Anyway, I saw this book and I thought it was, well, perfect.

This book goes through twelve manners scenarios such as During Meal Time, While on the Phone, With Friends, At School, During Games, etc...

While some of the topics, such as While on the Phone are a bit over my three's heads at this point, I know they are paying attention and like the book because while out and about one day, my son said something along the lines of being a good sport which is covered in the During Games section.

Oh how that makes me smile and my heart flutter.

Although not meant to be your all out resource, nothing can replace your lead by example teaching and loving encouragement, this book really is a great Introduction to Manners as it claims.

Do you have a resource that you'd like to share that you have used to introduce manners or other character building skills to your children?
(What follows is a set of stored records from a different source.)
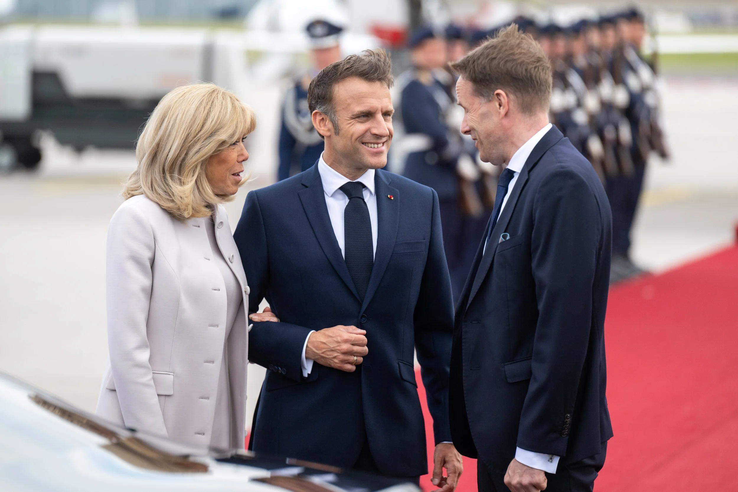 Emmanuel Macron und seine Frau Brigitte Macron werden am Militärischen Teil vom Flughafen BER empfangen.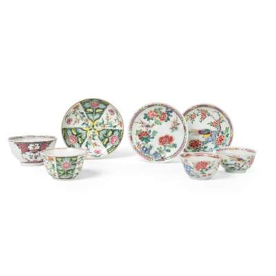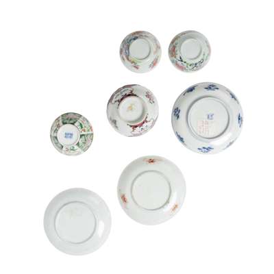 清 各色外銷粉彩花鳥紋杯及盞(共七件)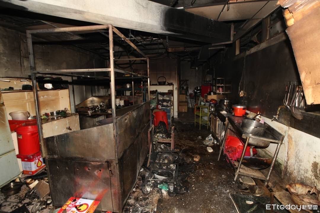 ▲▼花蓮1營業場所因油鍋起火,店員卻嚐試以水撲滅卻增長火勢,險些釀成大災。(圖/花蓮縣消防局提供,下同)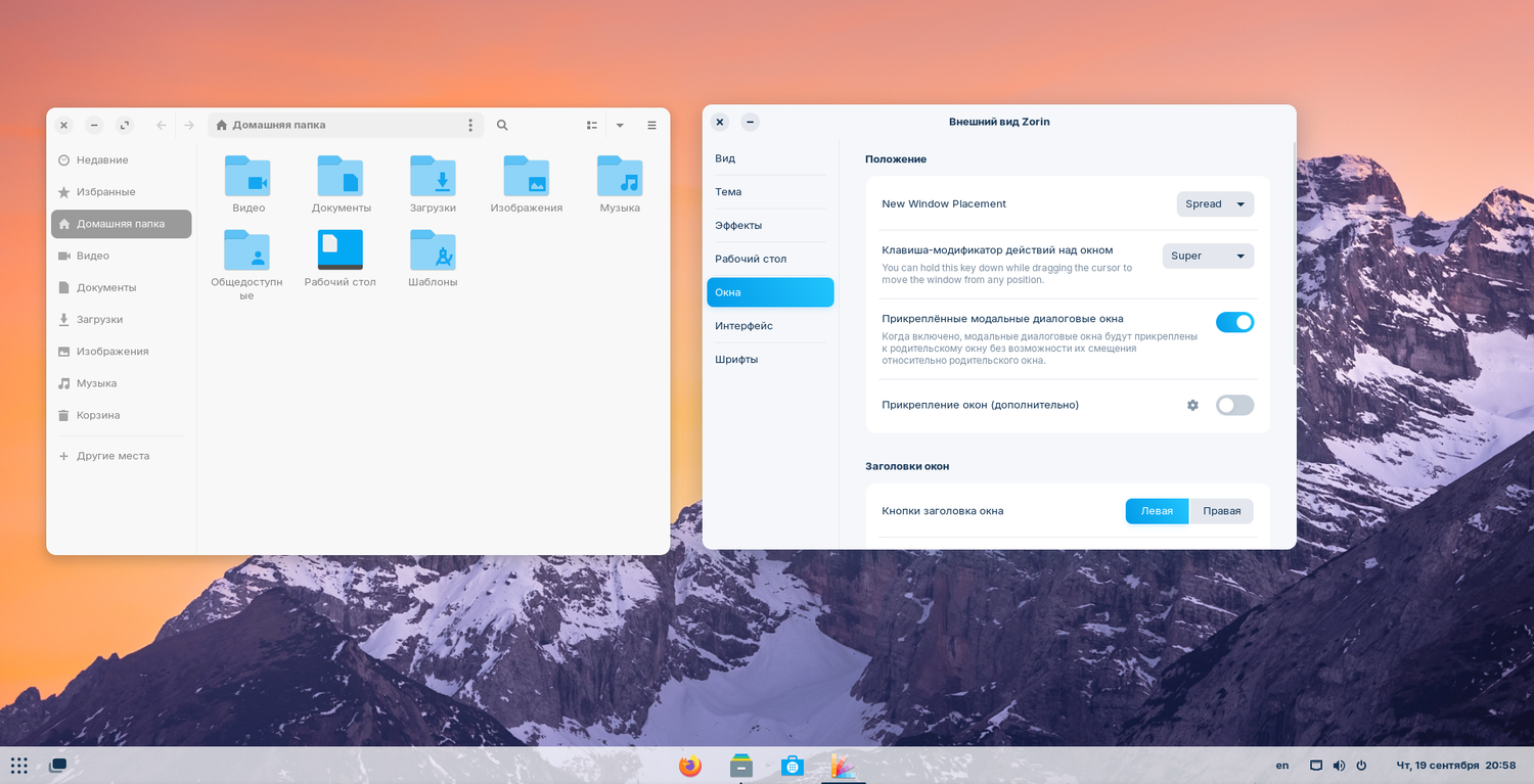 В Zorin Appearance появился новый раздел, позволяющий легко настраивать поведение окон. Вы можете управлять такими аспектами, как размещение окон, взаимодействие с заголовками и переключение между ними. Эти настройки сделают работу с приложениями более удобной и интуитивной.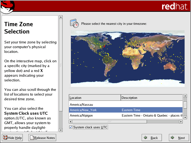 To change your time zone configuration after you have completed the installation, use the Time and Date Properties Tool. Type the system-config-date command in a shell prompt to launch the Time and Date Properties Tool. If you are not root, it prompts you for the root password to continue. To run the Time and Date Properties Tool as a text-based application, use the command timeconfig. |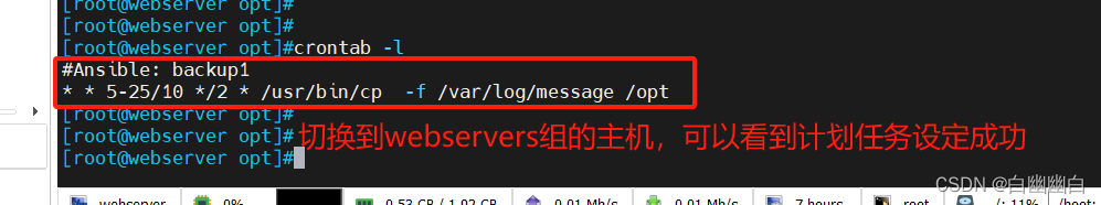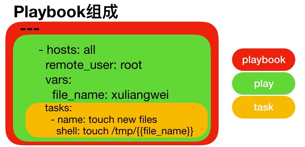 playbook模式(剧本模式) 是Ansible主要管理方式,也是Ansible功能强大的关键所在。playbook通过多个task集合完成一类功能,如Web服务的安装部署、数据库服务器的批量备份等。可以简单地把playbook理解为通过组合多条ad-hoc操作的配置文件。

I'd love to hear more and learn.


Sunday, July 5, 2009

The Honey Makers

The Honey Makers by Gail Gibbons (ages 4-8)

Did you know that bees and pollinators are responsible for every third bite of food? Yeah, me either.

Nor did I realize how fascinating and orderly a bee colony could be!
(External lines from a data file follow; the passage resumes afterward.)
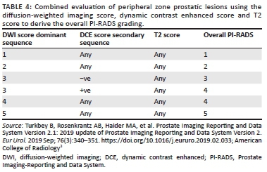Although the main sequence is DWI, start by assessing the PZ on the T2W sequence; any T2 hypointensity needs further interrogation with DWI-ADC. The complementary sequence to DWI is DCE (Tables 2-4 and Figure 4).
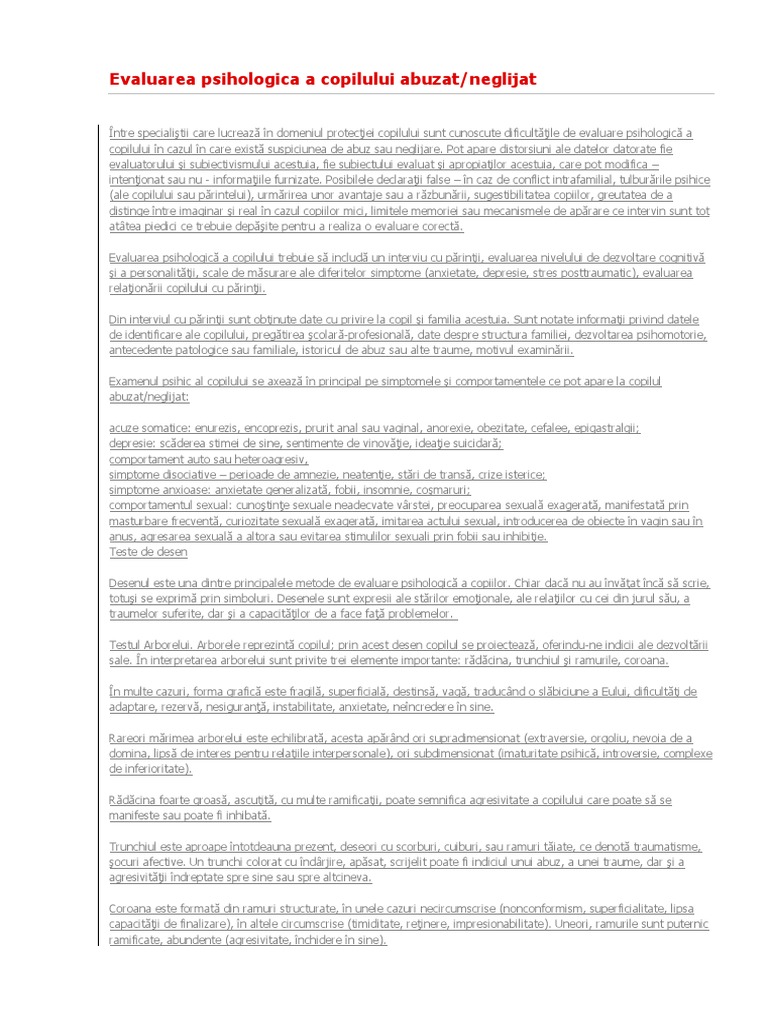 Evaluarea Psihologica A Copilului Abuzat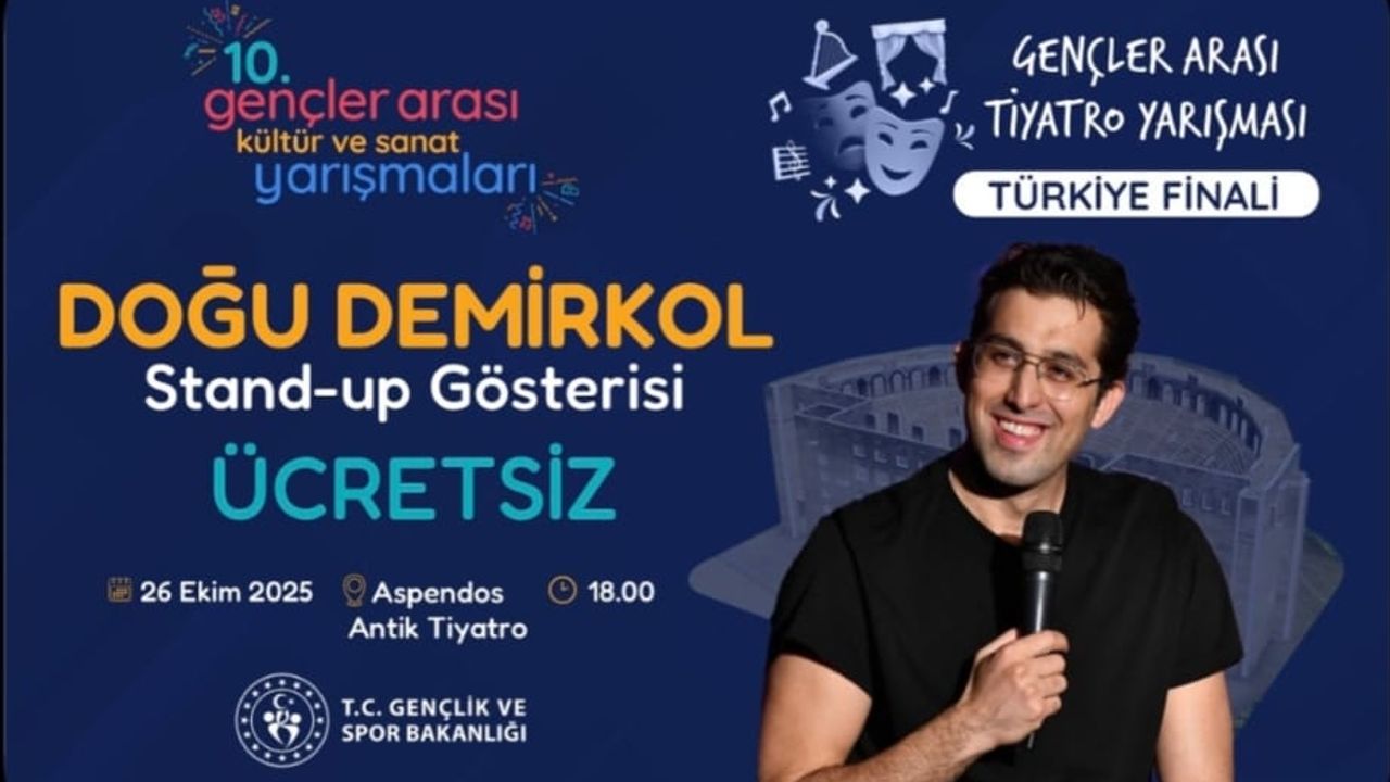 Antalya’nın tarihi atmosferinde sanat dolu bir akşam yaşanacak. Gençlik ve Spor Bakanlığı tarafından düzenlenen 10. Gençler Arası Kültür ve Sanat Yarışmaları kapsamında gerçekleştirilecek Tiyatro Türkiye Finali, bu yıl Aspendos Antik Tiyatro’da yapılacak. 26 Ekim Pazar günü saat 18.00’da başlayacak final programında, Türkiye’nin dört bir yanından gelen genç tiyatro ekipleri sahneye çıkarak performanslarını sergileyecek. Toplam 7 tiyatro oyununun yer alacağı etkinlikte, gençler hem yeteneklerini gösterecek hem de kültür-sanatın birleştirici gücüyle unutulmaz anlar yaşayacak. Tiyatro gösterilerinin ardından sahneye ünlü komedyen Doğu Demirkol çıkarak stand-up gösterisiyle izleyicilere kahkaha dolu dakikalar yaşatacak. Gecenin finalinde ise DJ performansı ve ışık şöleni Aspendos’un büyüleyici atmosferinde seyircilere görsel bir şölen sunacak. Binlerce yıllık tarihe tanıklık eden Aspendos Antik Tiyatro’da düzenlenecek bu özel etkinlik, genç sanatçılarla sanatseverleri bir araya getirerek kültürün ve eğlencenin kalbini bir kez daha Antalya’da attıracak. Organizatörler, tüm sanatseverleri ve gençleri bu eşsiz atmosferin parçası olmaya, “Sen de katıl, bu unutulmaz gecenin bir parçası ol!” diyerek davet ediyor.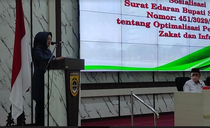 Bupati Sukoharjo Etik Suryani membuka sosialisasi Surat Edaran Bupati Sukoharjo tentang pengumpulan zakat dan infak dari Aparatur Sipil Negara (ASN)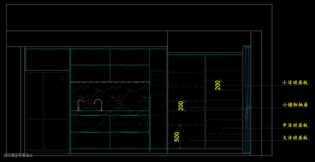 在设计给宠物使用的储物柜时应该多考虑柜体内部结构。宠物用品除了宠物口粮以外普遍体积较小,所以柜体内部应该多考虑使用小抽屉,高度10-15厘米。多用活动隔板方便后期调节高度,活动隔板间隔20-35厘米。也可以购置一些方便收纳的小型容器来代分类存放瓶瓶罐罐。

The Honey Makers is an informative book with wonderful illustrations.

Busy bees work hard to produce the honey that we and an occasional Pooh Bear love to eat. And each have their own assigned job assigned for each stage of their life.

When I say informative, I mean INFORMATIVE. This book is chock full of information.

For example:
Are you aware of the Bee Dances?
How about Beemilk or Royal Jelly?
Forager bees can visit up to 10,000 flowers a day, but all of the nectar collected throughout her entire lifetime will only produce one teaspoon of honey!

I look at bees in a whole new light after reading up on them more. They are not something to be feared, but respected and shown gratitude.


Thursday, July 2, 2009

I Spy a Freight Train

I Spy a Freight Train by Lucy Micklethwait (ages 4-8)

While at the library my son spotted this gem and asked if we could bring home. He loves trains, so of course I said yes.

We have a large freight train station in town, so it is rare that we not see a train. It's fun to see his excitement when he sees a train, but it hard to also watch him panic as the train keeps going and disappears.

I called this a little gem because I didn't realize that the book about more than just freight trains.

We got to spy on airplanes, row boats, horses, sleighs, a baby carriage and many more. Not to mention the other 'made up' things we spied while making a game of it. It was fun. Even more so, my children haven't heard the term baby carriage or sleigh, so that was fun to see what they thought was it.

Here's another excerpt of the book.

Oh, and while I am not much of an art know it all, in the back of the book are the credits for all of the pictures used. You will find the likes of Van Gogh and other works found in museums.

This book truly is a gem. I think I may put it on my wish list for our personal library.